**TASK STATEMENT:**
From the records below, please print only the lines from the one containing "Το τετραήμερο της" through the one containing "Nahezu 30 %", both included. Skip the pictures.

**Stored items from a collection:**
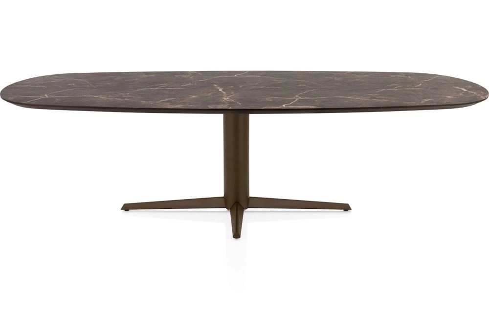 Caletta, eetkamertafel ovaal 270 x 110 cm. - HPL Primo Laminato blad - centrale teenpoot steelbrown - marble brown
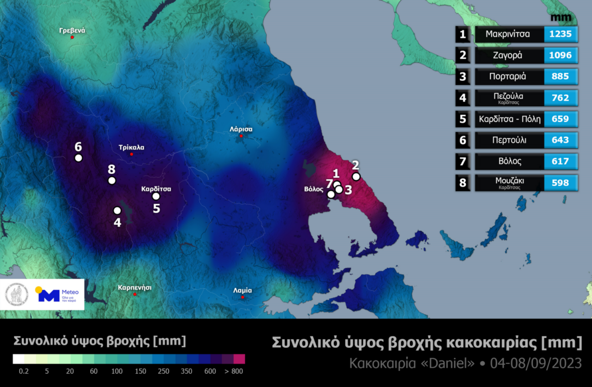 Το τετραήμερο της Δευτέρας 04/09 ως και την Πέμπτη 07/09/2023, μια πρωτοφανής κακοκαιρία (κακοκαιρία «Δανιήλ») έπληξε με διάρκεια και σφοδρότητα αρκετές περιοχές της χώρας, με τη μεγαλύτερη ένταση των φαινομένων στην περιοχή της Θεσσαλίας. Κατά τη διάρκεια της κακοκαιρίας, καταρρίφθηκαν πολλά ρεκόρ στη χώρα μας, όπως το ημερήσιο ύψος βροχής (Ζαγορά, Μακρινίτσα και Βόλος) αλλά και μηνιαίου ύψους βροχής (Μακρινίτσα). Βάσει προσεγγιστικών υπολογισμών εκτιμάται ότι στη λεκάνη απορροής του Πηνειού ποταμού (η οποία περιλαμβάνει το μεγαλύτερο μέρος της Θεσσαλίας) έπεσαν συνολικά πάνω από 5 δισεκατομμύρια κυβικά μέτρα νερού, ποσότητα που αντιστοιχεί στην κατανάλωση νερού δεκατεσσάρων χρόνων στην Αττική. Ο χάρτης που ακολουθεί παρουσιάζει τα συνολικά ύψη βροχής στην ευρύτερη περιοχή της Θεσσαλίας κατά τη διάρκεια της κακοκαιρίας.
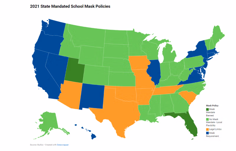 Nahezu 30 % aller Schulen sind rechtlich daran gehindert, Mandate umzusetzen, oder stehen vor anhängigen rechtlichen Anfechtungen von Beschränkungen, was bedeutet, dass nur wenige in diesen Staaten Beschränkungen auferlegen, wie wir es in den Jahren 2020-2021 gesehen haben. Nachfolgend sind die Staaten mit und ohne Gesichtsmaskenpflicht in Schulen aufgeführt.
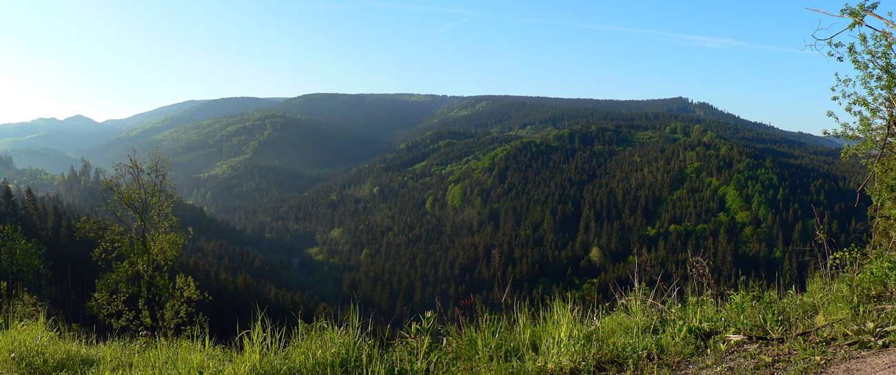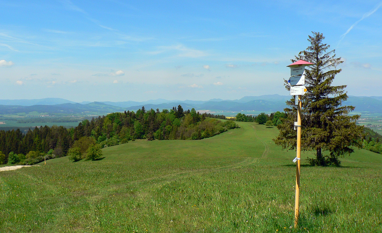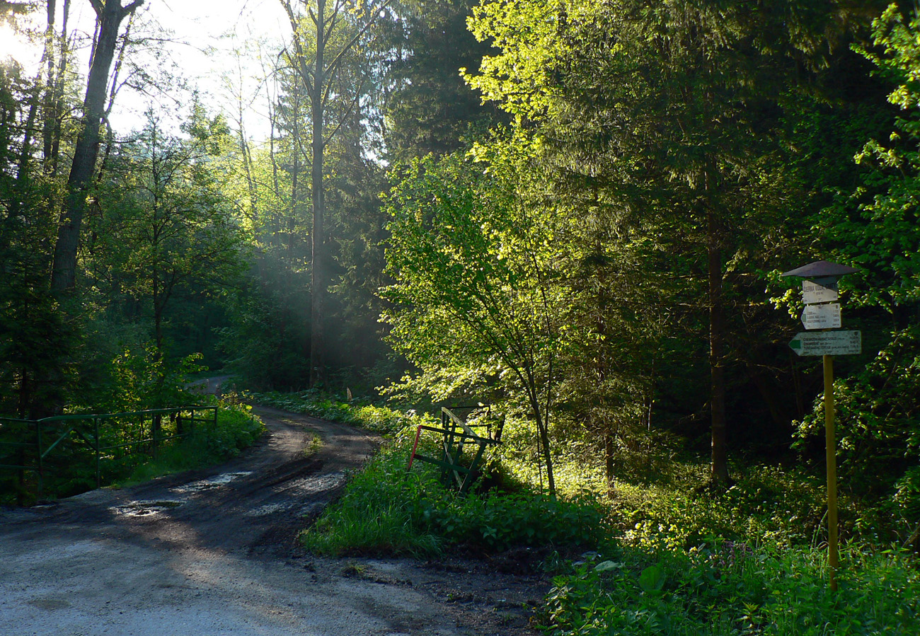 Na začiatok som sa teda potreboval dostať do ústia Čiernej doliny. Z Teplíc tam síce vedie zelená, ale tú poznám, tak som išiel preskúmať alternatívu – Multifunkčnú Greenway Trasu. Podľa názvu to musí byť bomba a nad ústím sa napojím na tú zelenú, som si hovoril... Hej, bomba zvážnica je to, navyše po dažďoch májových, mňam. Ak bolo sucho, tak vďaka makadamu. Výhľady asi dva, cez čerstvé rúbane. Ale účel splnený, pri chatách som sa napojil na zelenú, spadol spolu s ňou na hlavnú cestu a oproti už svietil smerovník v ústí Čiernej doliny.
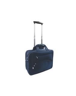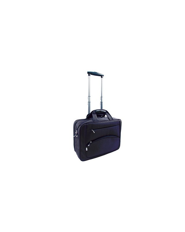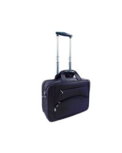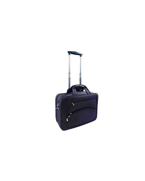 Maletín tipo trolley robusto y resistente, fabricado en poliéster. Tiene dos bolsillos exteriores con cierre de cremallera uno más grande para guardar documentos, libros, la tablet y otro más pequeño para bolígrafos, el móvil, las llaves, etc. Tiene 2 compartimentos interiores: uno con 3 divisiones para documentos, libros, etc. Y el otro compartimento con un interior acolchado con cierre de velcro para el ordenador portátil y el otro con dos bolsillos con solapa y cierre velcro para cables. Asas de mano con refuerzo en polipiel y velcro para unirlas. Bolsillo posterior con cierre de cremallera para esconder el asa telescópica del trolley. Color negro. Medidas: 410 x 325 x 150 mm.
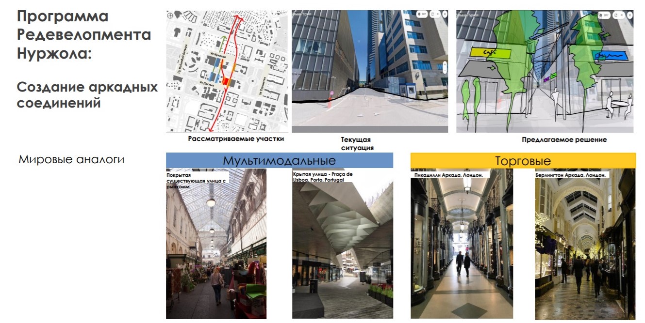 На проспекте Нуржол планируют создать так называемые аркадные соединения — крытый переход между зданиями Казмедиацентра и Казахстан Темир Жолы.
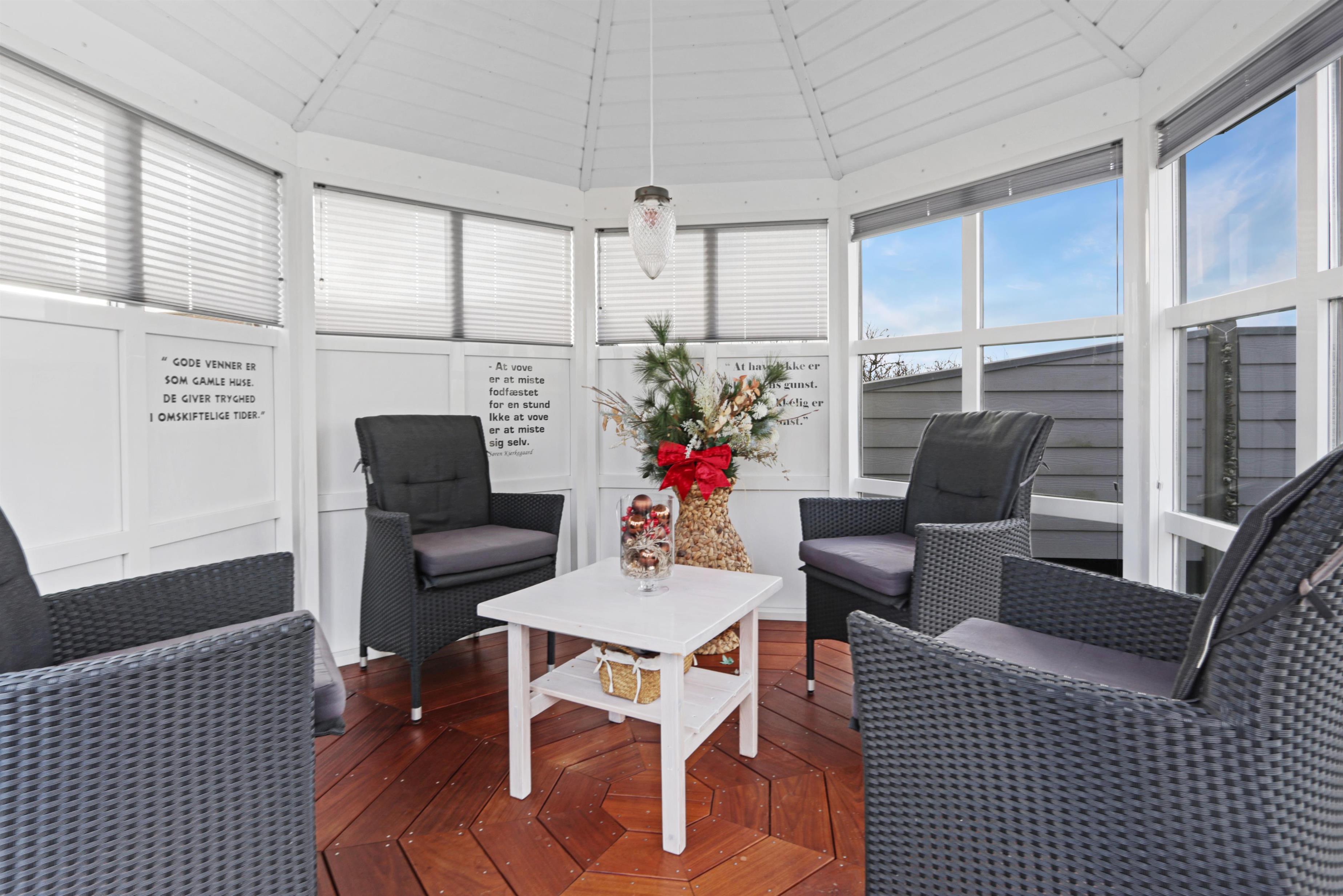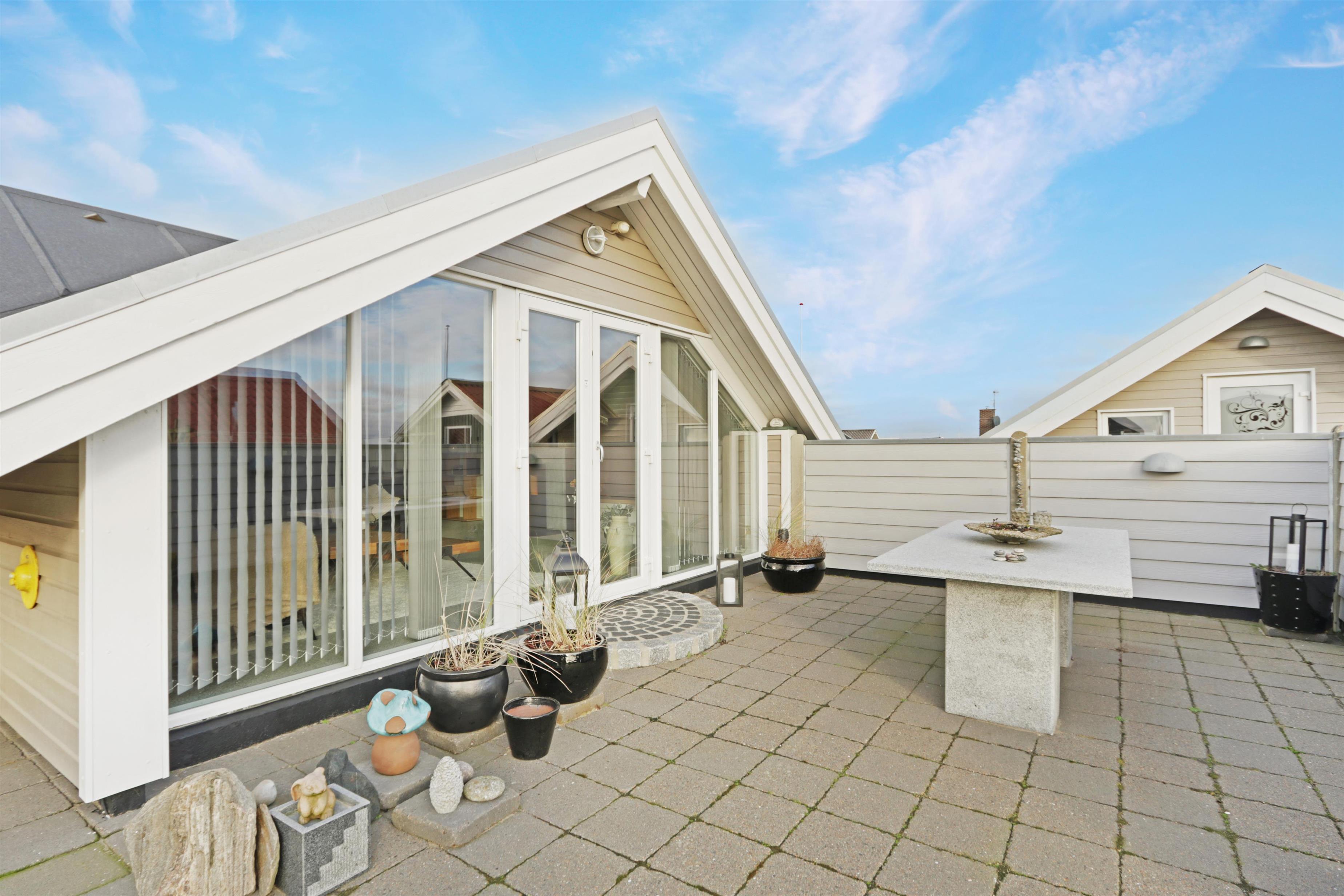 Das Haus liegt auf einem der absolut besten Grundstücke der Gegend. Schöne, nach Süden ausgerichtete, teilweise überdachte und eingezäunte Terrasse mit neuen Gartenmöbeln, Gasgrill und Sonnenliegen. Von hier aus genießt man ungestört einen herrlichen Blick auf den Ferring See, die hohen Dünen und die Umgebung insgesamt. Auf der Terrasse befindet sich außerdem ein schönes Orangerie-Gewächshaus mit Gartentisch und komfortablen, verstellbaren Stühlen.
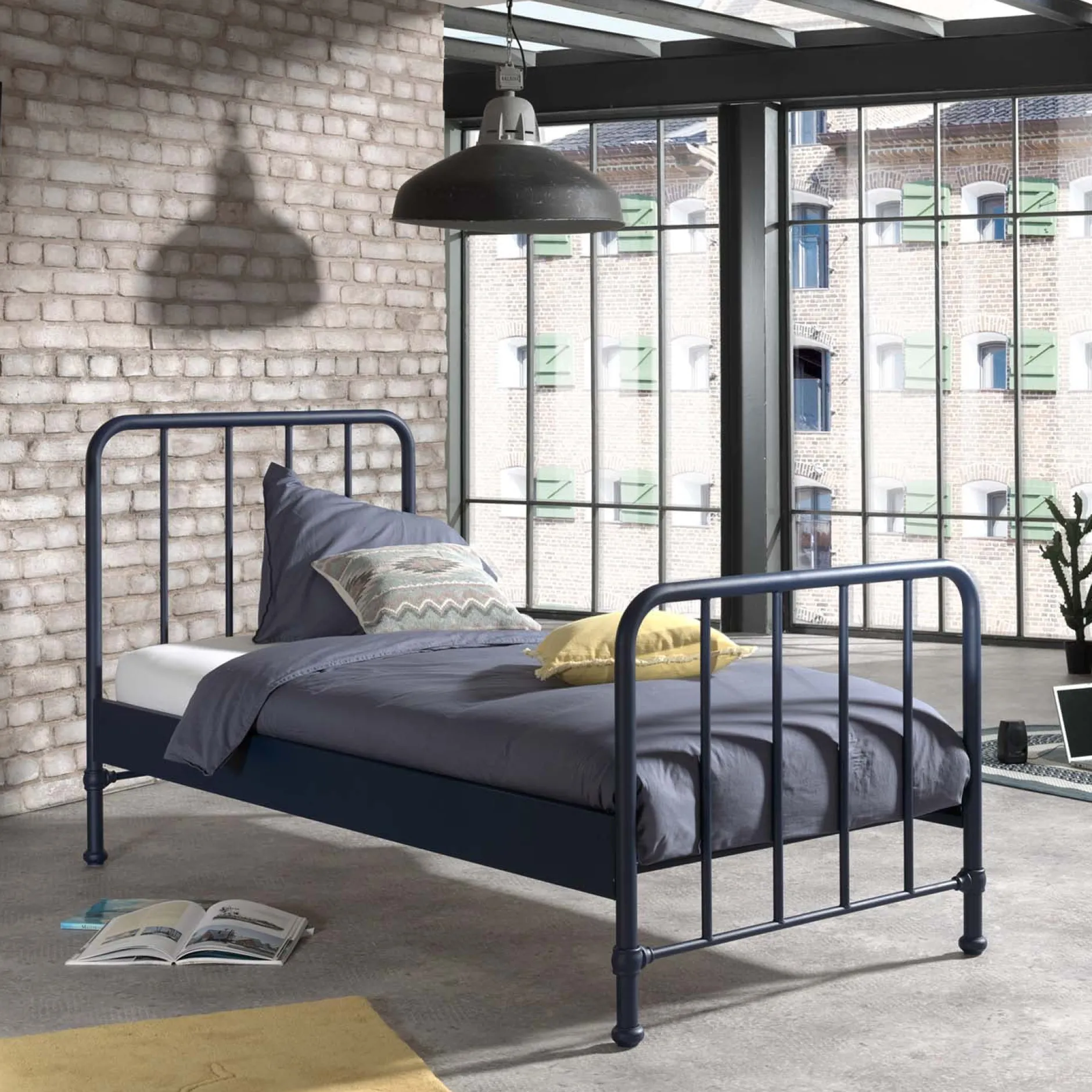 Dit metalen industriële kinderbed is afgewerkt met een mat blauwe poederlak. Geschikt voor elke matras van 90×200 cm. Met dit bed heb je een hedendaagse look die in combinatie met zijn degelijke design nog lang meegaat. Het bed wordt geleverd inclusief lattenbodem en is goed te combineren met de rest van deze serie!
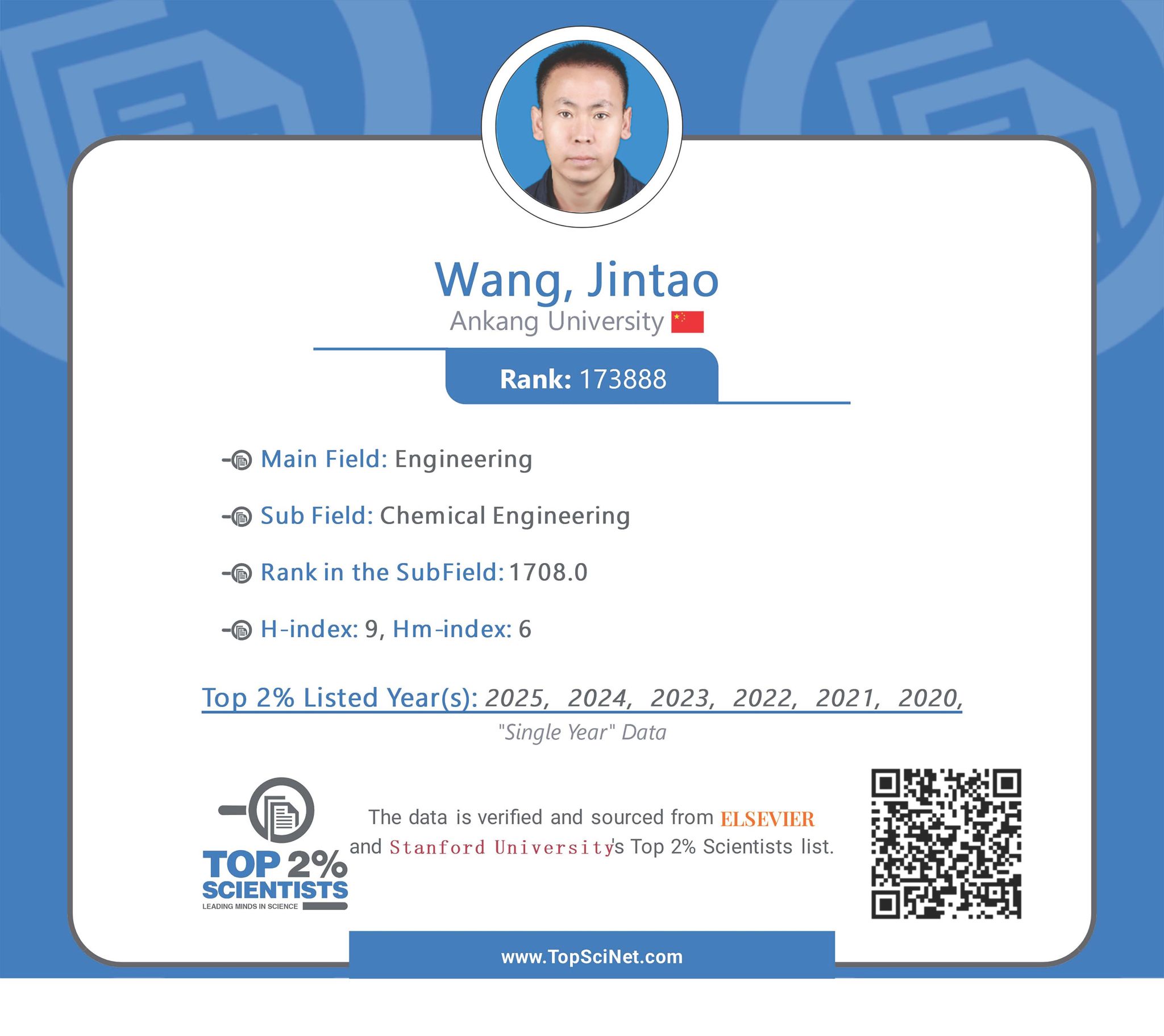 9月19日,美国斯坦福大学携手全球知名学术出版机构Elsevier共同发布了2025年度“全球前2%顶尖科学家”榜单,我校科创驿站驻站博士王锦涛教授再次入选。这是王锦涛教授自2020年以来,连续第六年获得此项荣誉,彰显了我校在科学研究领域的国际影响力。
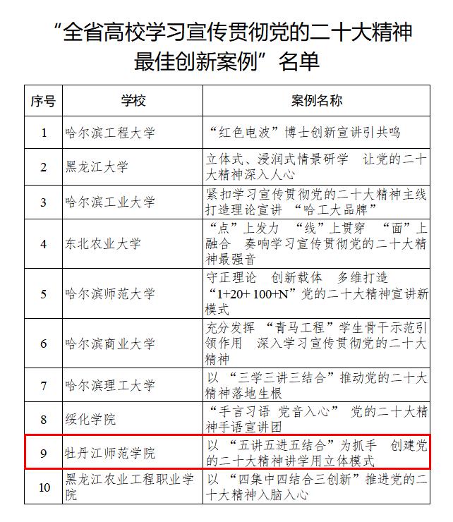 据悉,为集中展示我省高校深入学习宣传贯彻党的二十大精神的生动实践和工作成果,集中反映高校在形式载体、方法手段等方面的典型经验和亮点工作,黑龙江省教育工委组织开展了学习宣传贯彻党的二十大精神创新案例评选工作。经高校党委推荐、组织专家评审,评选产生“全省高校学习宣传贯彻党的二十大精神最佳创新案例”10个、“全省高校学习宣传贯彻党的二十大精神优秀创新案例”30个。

**EXPECTED OUTPUT:**
 Το τετραήμερο της Δευτέρας 04/09 ως και την Πέμπτη 07/09/2023, μια πρωτοφανής κακοκαιρία (κακοκαιρία «Δανιήλ») έπληξε με διάρκεια και σφοδρότητα αρκετές περιοχές της χώρας, με τη μεγαλύτερη ένταση των φαινομένων στην περιοχή της Θεσσαλίας. Κατά τη διάρκεια της κακοκαιρίας, καταρρίφθηκαν πολλά ρεκόρ στη χώρα μας, όπως το ημερήσιο ύψος βροχής (Ζαγορά, Μακρινίτσα και Βόλος) αλλά και μηνιαίου ύψους βροχής (Μακρινίτσα). Βάσει προσεγγιστικών υπολογισμών εκτιμάται ότι στη λεκάνη απορροής του Πηνειού ποταμού (η οποία περιλαμβάνει το μεγαλύτερο μέρος της Θεσσαλίας) έπεσαν συνολικά πάνω από 5 δισεκατομμύρια κυβικά μέτρα νερού, ποσότητα που αντιστοιχεί στην κατανάλωση νερού δεκατεσσάρων χρόνων στην Αττική. Ο χάρτης που ακολουθεί παρουσιάζει τα συνολικά ύψη βροχής στην ευρύτερη περιοχή της Θεσσαλίας κατά τη διάρκεια της κακοκαιρίας.
 Nahezu 30 % aller Schulen sind rechtlich daran gehindert, Mandate umzusetzen, oder stehen vor anhängigen rechtlichen Anfechtungen von Beschränkungen, was bedeutet, dass nur wenige in diesen Staaten Beschränkungen auferlegen, wie wir es in den Jahren 2020-2021 gesehen haben. Nachfolgend sind die Staaten mit und ohne Gesichtsmaskenpflicht in Schulen aufgeführt.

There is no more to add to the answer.